Find answers from the community

Updated 2 years ago

When setting up for indexing for my data

At a glance
When setting up for indexing for my data files is it best to have 1 doc per data topic. "Page Build" and another for "Page Layout" both in their own documents or does that not matter once it goes into the json anyway?

What is the best way to use List Indexing for Keyword search?
L
M
11 comments
I think separate documents will work best, at least in my experience

On the list index, you can include a list of keywords at query time. If a text node doesn't contain one of the keywords, it will skip that node.
Ok Cool, I was just starting to do that. So each doc will have their own title - Example Pages, Structure, Components.

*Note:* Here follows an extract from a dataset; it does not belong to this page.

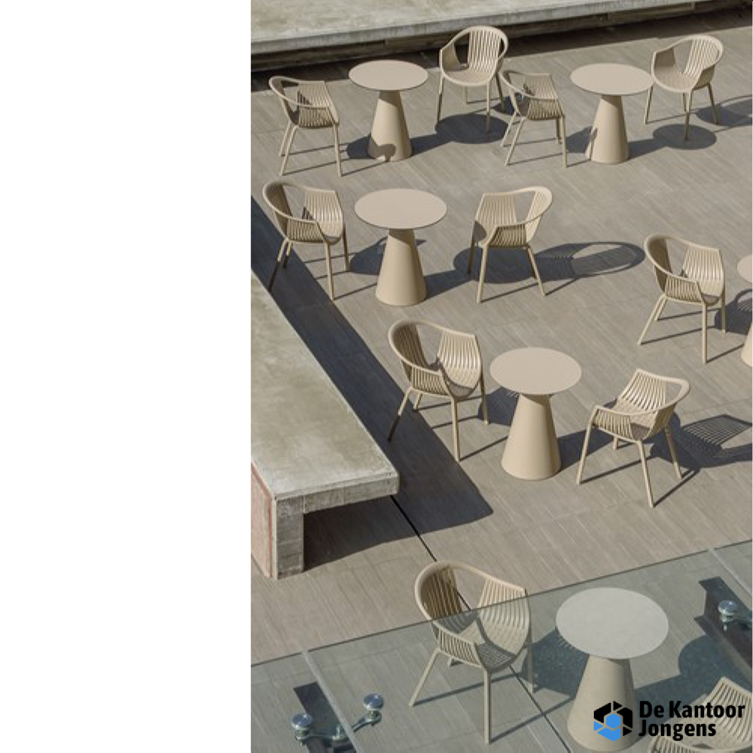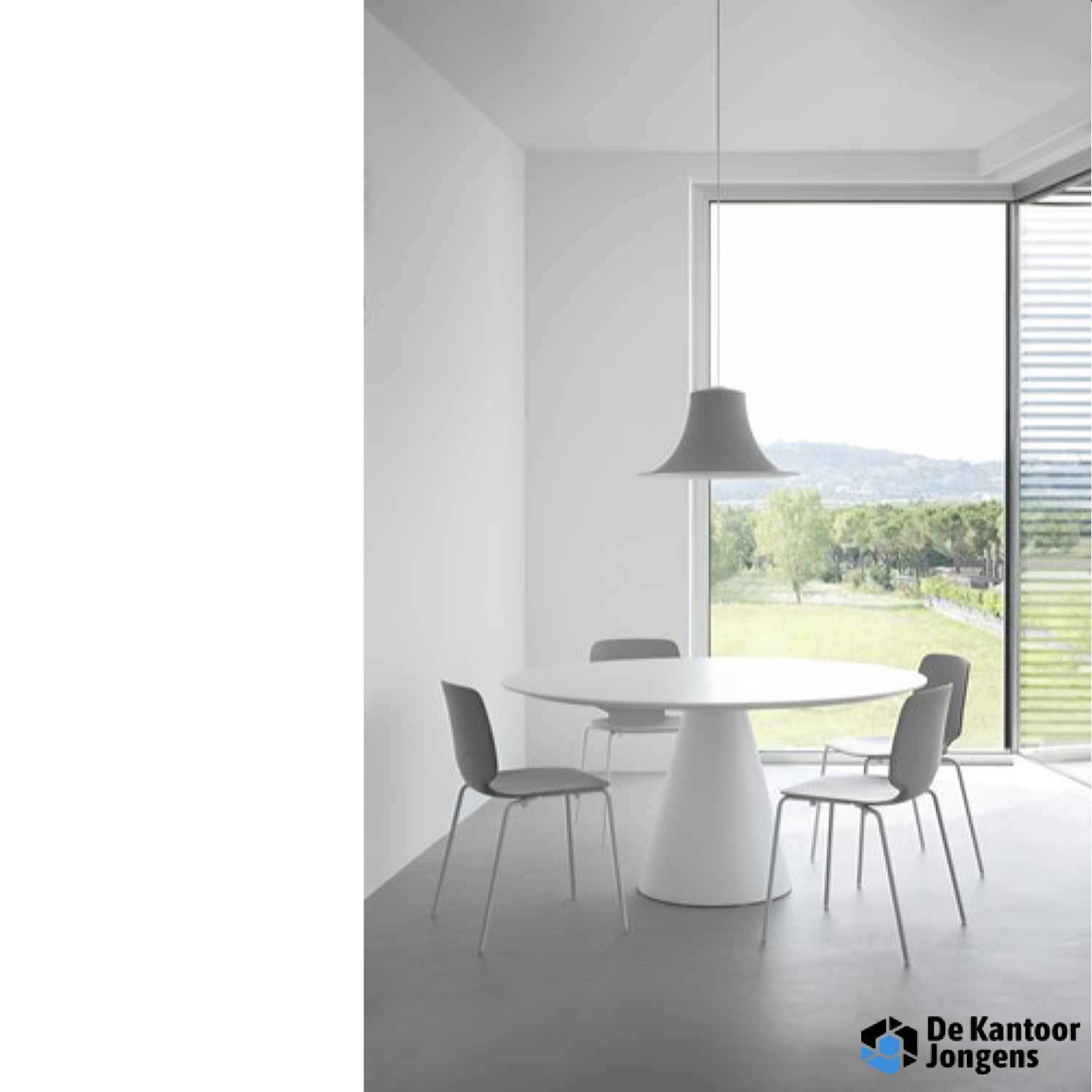 Ikon tafel met een volledig kunststof onderstel in conische vorm. De bladen zijn van volkern.

Does the title of the doc also help with queries?
If the title is in the document text, yea it definitely helps
Also when it comes to the text within the document, how is it being read?

Example

Header 1 - Styling | Does this give more strength for the query?

Also for Code,

If I have Code Blocks should I be also adding "Code" before the blocks. So again does that help the indexing?
Yea I think that helps for sure! Anything that will help the model make sense of what it is about to read πŸ“š πŸ‘Œ
Definitely try to test small and test first though. Although it sounds like you've got a good handle on things
So I can see it reads a lot of different types of files, I wonder if some are better then others.

LIke a text doc if you copy pasta directly from a site it wont take the formatting with it. So everything is basically on the same level. As in the Header and Paragraph. I wonder if I put it into a markdown format and put that into a text doc would it play better. Beause we know that OpenAI LLM knows what a header is etc.
Yea I think that might be helpful! You can parse the raw markdown yourself, and llama_index also has a markdown parser.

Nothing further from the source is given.